Description of the task | Write out exactly the lines of the entries below from the one holding "ОТВЕТ на задание" to the one holding "Attractive young blonde", inclusive, and leave out all other lines.

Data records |

-- -- --

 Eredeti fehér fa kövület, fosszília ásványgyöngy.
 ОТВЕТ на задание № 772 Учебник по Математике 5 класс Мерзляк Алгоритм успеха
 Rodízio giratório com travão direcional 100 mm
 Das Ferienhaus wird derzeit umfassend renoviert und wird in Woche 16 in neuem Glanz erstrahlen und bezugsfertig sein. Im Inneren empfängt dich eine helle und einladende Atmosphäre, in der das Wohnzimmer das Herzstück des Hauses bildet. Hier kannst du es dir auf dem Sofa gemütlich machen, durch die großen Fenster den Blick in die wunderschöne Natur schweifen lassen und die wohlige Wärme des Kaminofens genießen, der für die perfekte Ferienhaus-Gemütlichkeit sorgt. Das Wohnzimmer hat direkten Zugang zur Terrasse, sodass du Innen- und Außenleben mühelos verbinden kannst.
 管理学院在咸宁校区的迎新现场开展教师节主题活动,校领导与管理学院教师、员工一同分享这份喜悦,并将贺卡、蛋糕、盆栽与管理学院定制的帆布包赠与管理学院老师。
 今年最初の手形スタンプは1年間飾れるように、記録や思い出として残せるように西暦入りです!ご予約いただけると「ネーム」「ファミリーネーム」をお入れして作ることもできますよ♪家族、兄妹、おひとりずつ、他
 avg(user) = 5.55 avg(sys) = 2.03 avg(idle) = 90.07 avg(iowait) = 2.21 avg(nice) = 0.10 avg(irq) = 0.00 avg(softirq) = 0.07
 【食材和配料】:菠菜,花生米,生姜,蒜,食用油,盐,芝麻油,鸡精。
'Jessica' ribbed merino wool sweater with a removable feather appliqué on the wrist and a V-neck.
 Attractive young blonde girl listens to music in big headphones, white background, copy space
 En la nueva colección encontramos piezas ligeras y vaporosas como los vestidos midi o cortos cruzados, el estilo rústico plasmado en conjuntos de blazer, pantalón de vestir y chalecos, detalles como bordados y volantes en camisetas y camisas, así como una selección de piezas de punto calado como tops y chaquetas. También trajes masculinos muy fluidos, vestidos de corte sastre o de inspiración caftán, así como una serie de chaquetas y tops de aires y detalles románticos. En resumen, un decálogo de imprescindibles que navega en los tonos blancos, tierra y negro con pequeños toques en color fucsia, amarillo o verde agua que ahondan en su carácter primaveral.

-- -- --

Exercise answer |
 ОТВЕТ на задание № 772 Учебник по Математике 5 класс Мерзляк Алгоритм успеха
 Rodízio giratório com travão direcional 100 mm
 Das Ferienhaus wird derzeit umfassend renoviert und wird in Woche 16 in neuem Glanz erstrahlen und bezugsfertig sein. Im Inneren empfängt dich eine helle und einladende Atmosphäre, in der das Wohnzimmer das Herzstück des Hauses bildet. Hier kannst du es dir auf dem Sofa gemütlich machen, durch die großen Fenster den Blick in die wunderschöne Natur schweifen lassen und die wohlige Wärme des Kaminofens genießen, der für die perfekte Ferienhaus-Gemütlichkeit sorgt. Das Wohnzimmer hat direkten Zugang zur Terrasse, sodass du Innen- und Außenleben mühelos verbinden kannst.
 管理学院在咸宁校区的迎新现场开展教师节主题活动,校领导与管理学院教师、员工一同分享这份喜悦,并将贺卡、蛋糕、盆栽与管理学院定制的帆布包赠与管理学院老师。
 今年最初の手形スタンプは1年間飾れるように、記録や思い出として残せるように西暦入りです!ご予約いただけると「ネーム」「ファミリーネーム」をお入れして作ることもできますよ♪家族、兄妹、おひとりずつ、他
 avg(user) = 5.55 avg(sys) = 2.03 avg(idle) = 90.07 avg(iowait) = 2.21 avg(nice) = 0.10 avg(irq) = 0.00 avg(softirq) = 0.07
 【食材和配料】:菠菜,花生米,生姜,蒜,食用油,盐,芝麻油,鸡精。
'Jessica' ribbed merino wool sweater with a removable feather appliqué on the wrist and a V-neck.
 Attractive young blonde girl listens to music in big headphones, white background, copy space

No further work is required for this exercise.